The politicians in order to be elected give promises about what they will do to better the economy or to better the joblessness situation or to minimize the possibility of war. And we keep going to the polls voting for people who tell us what we want to hear in their political promises only to be disappointed in many instances because when a person takes the reins of leadership of whatever organization she or he heads the reality is perhaps quite different than what that the person who aspired to office understood or expected.
That being the case, I say again, the mature way to select a leader whether it’s by voting or simply showing support is to elect someone or endorse someone or stand with someone whom you believe has the grit and the foresight to make the best decisions that she or he can make given the curveballs that affect institutions as well as individuals. In the case of a first term senator or congressperson or president in this country, there is no way even with involved briefings to know what it’s like to face the barrage of challenges to the well-being of the nation that must be dealt with on a daily–well, an hourly–basis. And so making promises about what will be done specifically at every turn is naïve.

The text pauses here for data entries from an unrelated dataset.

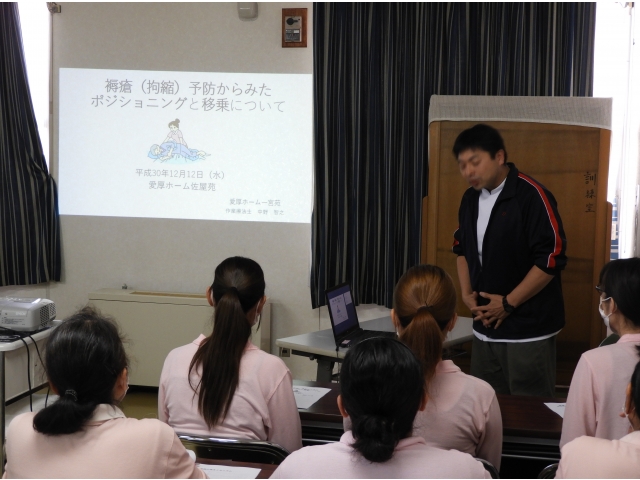 平成30年12月12日に、愛厚ホーム一宮苑の作業療法士 中野智之氏をお招きし、「褥瘡(拘縮)予防からみたポジショニングと移乗について」をテーマに、職場研修を開催しました。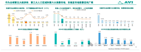 文建平援引AVI DATA和權(quán)威公開研究數(shù)據(jù)指出,東盟作為全球第五大經(jīng)濟(jì)體,2024年GDP增速達(dá)到4.3%,持續(xù)領(lǐng)先全球平均水平。該區(qū)域人口總數(shù)位列全球第三,占世界總?cè)丝诘?%,人口紅利依然顯著。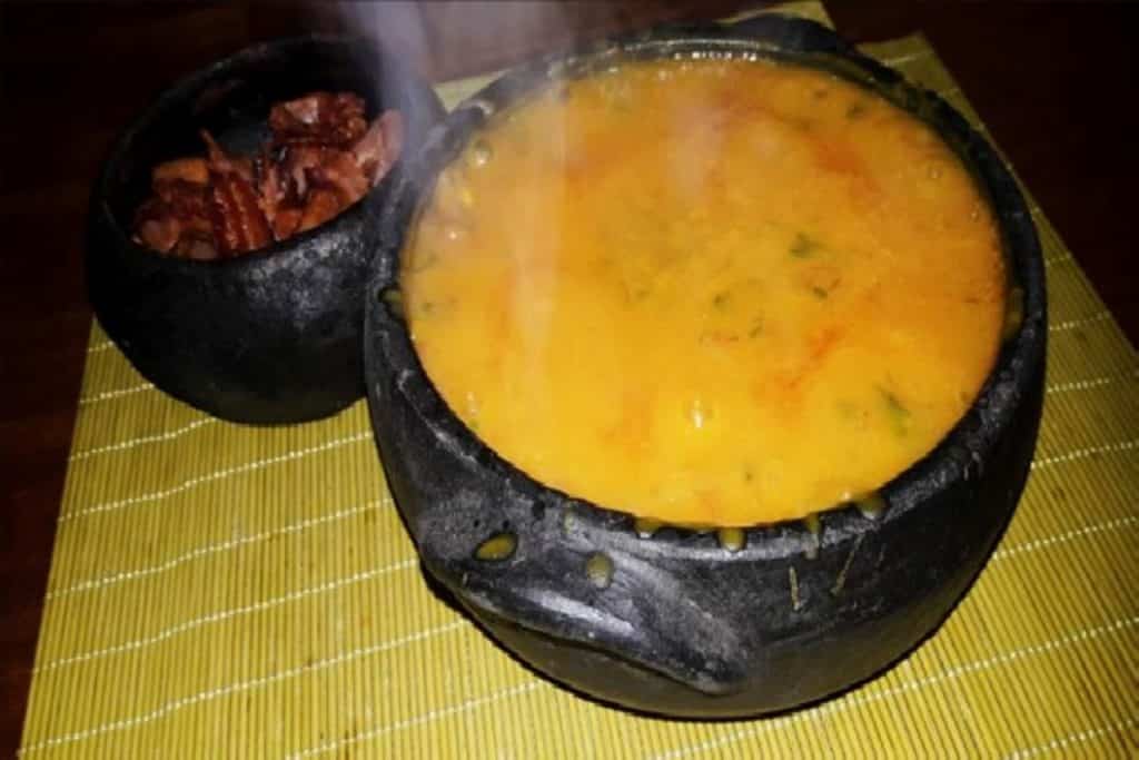 Caldo de mandioca com linguiça um caldo quente encorpado e gostoso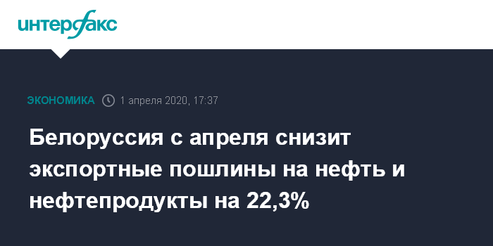 Москва. 1 апреля. INTERFAX.RU - Белоруссия с 1 апреля 2020 года снижает на 22,3% экспортные пошлины на нефть и нефтепродукты, вывозимые за пределы таможенной территории Евразийского экономического союза (ЕАЭС).

Some years ago in either a Sunday morning Forum when we had those after Gathering or at a Wednesday night discussion, Dr. Steve Fifield who was actively attending our meetings in those days introduced us to an Oklahoma pastor, kind of a radical charismatic, fundamentalist, mega-church pastor, by the name of Carlton Pearson. Carlton Pearson was a product of Oral Roberts University, and upon graduating he became closely associated with Oral Roberts himself, and the practice of Pearson’s preaching and pastoral work was very much in line with the conservative, healing-oriented ministry that Oral Roberts made famous.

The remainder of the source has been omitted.